Supplied records:
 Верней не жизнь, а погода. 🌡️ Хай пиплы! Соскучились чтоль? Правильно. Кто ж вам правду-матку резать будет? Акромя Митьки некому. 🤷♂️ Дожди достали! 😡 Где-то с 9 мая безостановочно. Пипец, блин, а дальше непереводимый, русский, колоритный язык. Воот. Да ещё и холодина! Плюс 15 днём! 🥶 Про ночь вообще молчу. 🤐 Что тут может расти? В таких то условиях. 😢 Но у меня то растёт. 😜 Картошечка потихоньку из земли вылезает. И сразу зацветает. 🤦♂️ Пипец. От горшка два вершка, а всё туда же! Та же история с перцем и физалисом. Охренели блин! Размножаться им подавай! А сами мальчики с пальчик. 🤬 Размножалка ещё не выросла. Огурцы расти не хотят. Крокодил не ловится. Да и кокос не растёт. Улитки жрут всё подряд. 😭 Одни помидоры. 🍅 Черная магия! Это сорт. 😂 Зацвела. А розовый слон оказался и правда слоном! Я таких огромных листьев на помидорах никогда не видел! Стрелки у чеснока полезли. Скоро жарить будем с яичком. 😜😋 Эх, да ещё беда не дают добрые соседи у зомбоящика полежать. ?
==
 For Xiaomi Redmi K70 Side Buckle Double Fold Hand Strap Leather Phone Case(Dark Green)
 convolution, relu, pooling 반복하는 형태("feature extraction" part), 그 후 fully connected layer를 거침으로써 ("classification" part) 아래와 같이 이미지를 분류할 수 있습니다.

Directions for this task: Retype exactly, and only, the lines above from the one where "For Xiaomi Redmi" occurs up to and including the one where "convolution, relu, pooling" occurs.

Written response:
 For Xiaomi Redmi K70 Side Buckle Double Fold Hand Strap Leather Phone Case(Dark Green)
 convolution, relu, pooling 반복하는 형태("feature extraction" part), 그 후 fully connected layer를 거침으로써 ("classification" part) 아래와 같이 이미지를 분류할 수 있습니다.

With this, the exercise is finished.